Segment Start: Given data

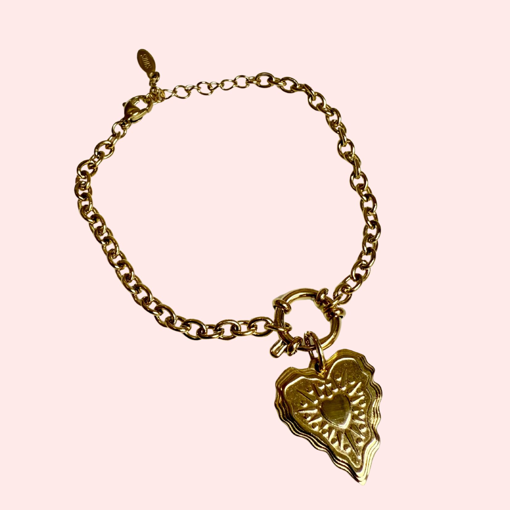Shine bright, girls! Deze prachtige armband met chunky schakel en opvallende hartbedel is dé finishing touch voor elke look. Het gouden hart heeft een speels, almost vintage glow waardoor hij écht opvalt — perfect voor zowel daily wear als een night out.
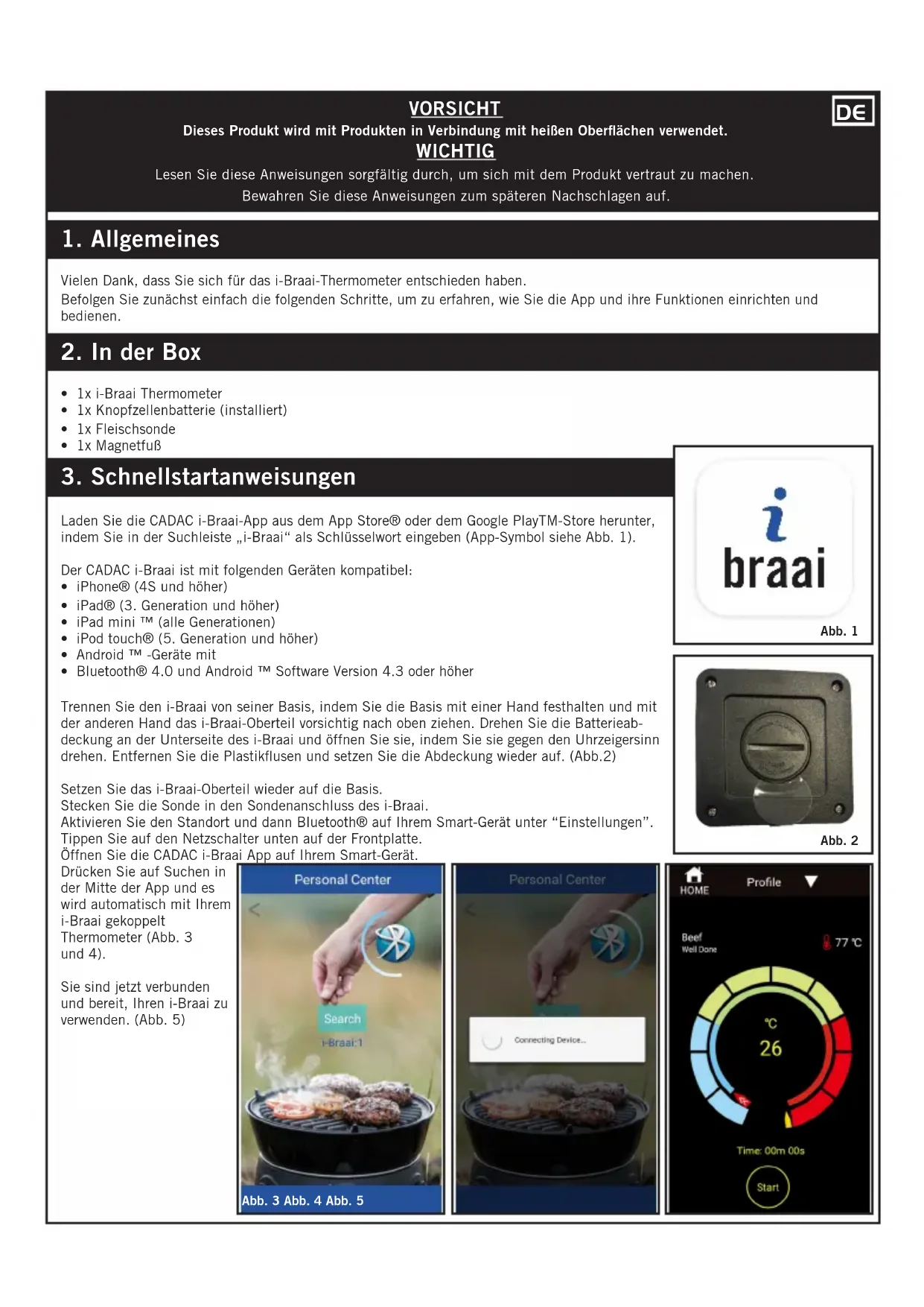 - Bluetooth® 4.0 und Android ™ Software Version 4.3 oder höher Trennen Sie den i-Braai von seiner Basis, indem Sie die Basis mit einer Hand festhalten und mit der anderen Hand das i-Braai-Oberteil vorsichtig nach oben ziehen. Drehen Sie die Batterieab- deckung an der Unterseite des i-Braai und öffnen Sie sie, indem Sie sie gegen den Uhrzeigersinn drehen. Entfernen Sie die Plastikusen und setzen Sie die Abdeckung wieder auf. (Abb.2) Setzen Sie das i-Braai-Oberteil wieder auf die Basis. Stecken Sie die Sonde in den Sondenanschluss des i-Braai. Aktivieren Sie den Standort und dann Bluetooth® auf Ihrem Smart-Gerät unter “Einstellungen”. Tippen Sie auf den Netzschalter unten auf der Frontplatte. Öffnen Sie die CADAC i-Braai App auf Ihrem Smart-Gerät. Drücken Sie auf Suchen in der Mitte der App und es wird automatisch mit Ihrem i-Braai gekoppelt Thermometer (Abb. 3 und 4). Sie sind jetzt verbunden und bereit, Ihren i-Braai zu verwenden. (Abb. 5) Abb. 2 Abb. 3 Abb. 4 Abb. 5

Segment End: Given data
Segment Start: Given data

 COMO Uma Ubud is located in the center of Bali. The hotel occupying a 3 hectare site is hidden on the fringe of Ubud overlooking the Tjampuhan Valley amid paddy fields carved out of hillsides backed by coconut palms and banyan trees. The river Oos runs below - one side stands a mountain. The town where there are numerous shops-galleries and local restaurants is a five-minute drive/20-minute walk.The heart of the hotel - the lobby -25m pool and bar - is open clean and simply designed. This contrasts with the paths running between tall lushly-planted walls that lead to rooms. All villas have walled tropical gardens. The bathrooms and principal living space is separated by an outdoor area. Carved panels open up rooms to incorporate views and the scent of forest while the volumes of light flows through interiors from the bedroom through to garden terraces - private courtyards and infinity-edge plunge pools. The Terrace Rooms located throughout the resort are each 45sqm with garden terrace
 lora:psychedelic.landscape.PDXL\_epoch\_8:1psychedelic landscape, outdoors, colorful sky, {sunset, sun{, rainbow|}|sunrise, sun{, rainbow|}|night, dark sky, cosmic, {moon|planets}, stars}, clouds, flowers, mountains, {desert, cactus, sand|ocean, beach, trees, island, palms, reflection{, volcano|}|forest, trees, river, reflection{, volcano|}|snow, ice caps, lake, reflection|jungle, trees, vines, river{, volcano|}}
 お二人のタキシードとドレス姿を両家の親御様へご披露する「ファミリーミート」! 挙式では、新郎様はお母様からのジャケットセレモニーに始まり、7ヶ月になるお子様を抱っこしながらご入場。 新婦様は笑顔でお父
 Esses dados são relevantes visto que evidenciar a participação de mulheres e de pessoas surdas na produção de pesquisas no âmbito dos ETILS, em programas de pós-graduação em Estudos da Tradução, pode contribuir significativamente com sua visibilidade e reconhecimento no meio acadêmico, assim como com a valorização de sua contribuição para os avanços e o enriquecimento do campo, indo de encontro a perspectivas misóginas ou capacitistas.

Segment End: Given data
Segment Start: Given data

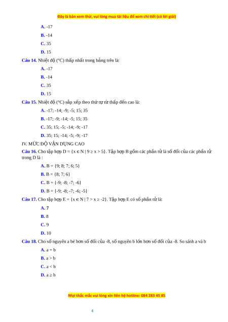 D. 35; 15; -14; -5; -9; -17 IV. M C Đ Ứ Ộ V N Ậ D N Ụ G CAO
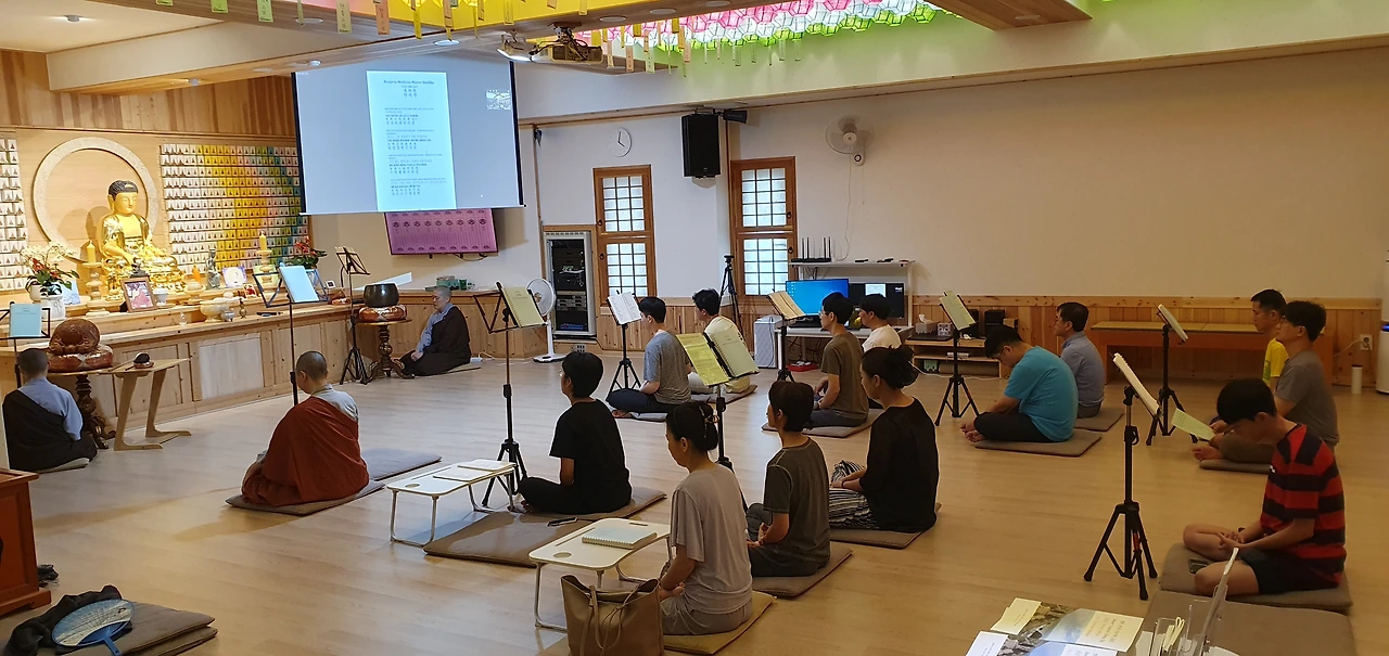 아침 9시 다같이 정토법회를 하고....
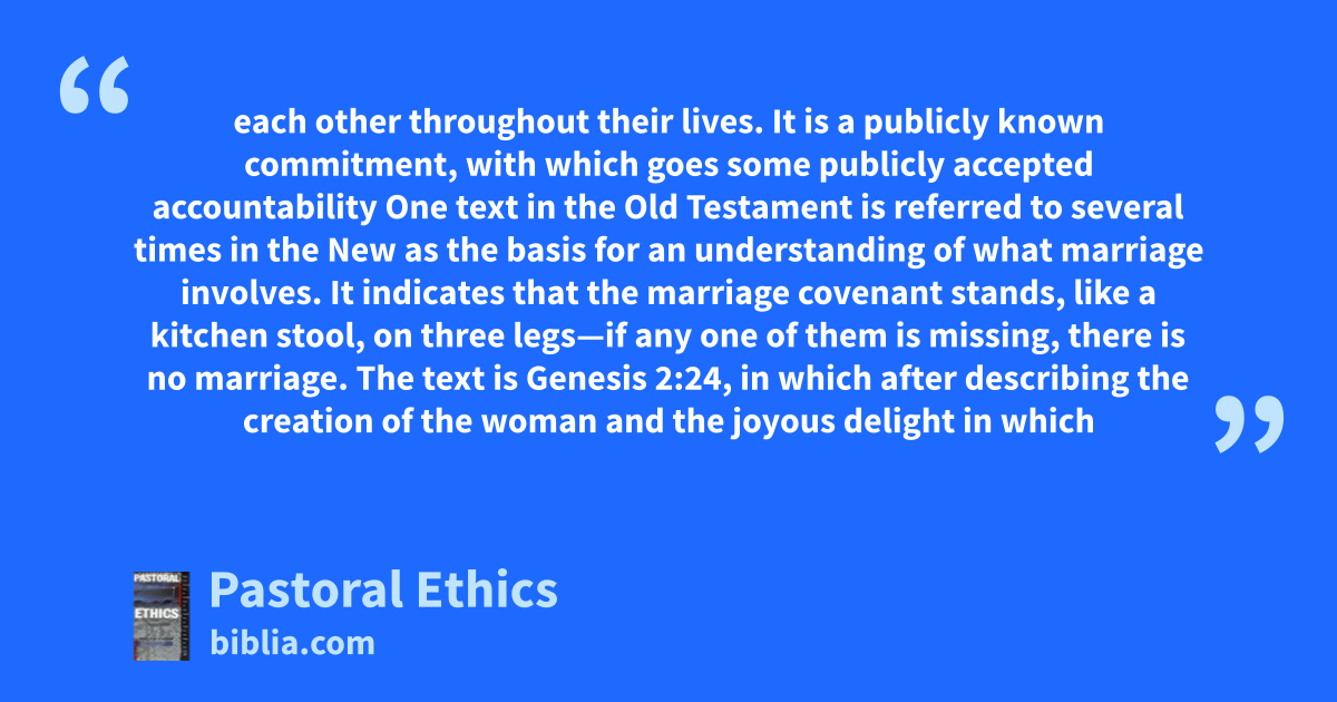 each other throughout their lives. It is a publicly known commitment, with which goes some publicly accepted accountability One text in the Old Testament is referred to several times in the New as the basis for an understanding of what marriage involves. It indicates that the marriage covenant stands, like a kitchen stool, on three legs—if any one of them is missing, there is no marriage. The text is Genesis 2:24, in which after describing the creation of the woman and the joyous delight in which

Segment End: Given data

Work order
Please go through the data and copy each line containing the word "trees".

Written response
 COMO Uma Ubud is located in the center of Bali. The hotel occupying a 3 hectare site is hidden on the fringe of Ubud overlooking the Tjampuhan Valley amid paddy fields carved out of hillsides backed by coconut palms and banyan trees. The river Oos runs below - one side stands a mountain. The town where there are numerous shops-galleries and local restaurants is a five-minute drive/20-minute walk.The heart of the hotel - the lobby -25m pool and bar - is open clean and simply designed. This contrasts with the paths running between tall lushly-planted walls that lead to rooms. All villas have walled tropical gardens. The bathrooms and principal living space is separated by an outdoor area. Carved panels open up rooms to incorporate views and the scent of forest while the volumes of light flows through interiors from the bedroom through to garden terraces - private courtyards and infinity-edge plunge pools. The Terrace Rooms located throughout the resort are each 45sqm with garden terrace
 lora:psychedelic.landscape.PDXL\_epoch\_8:1psychedelic landscape, outdoors, colorful sky, {sunset, sun{, rainbow|}|sunrise, sun{, rainbow|}|night, dark sky, cosmic, {moon|planets}, stars}, clouds, flowers, mountains, {desert, cactus, sand|ocean, beach, trees, island, palms, reflection{, volcano|}|forest, trees, river, reflection{, volcano|}|snow, ice caps, lake, reflection|jungle, trees, vines, river{, volcano|}}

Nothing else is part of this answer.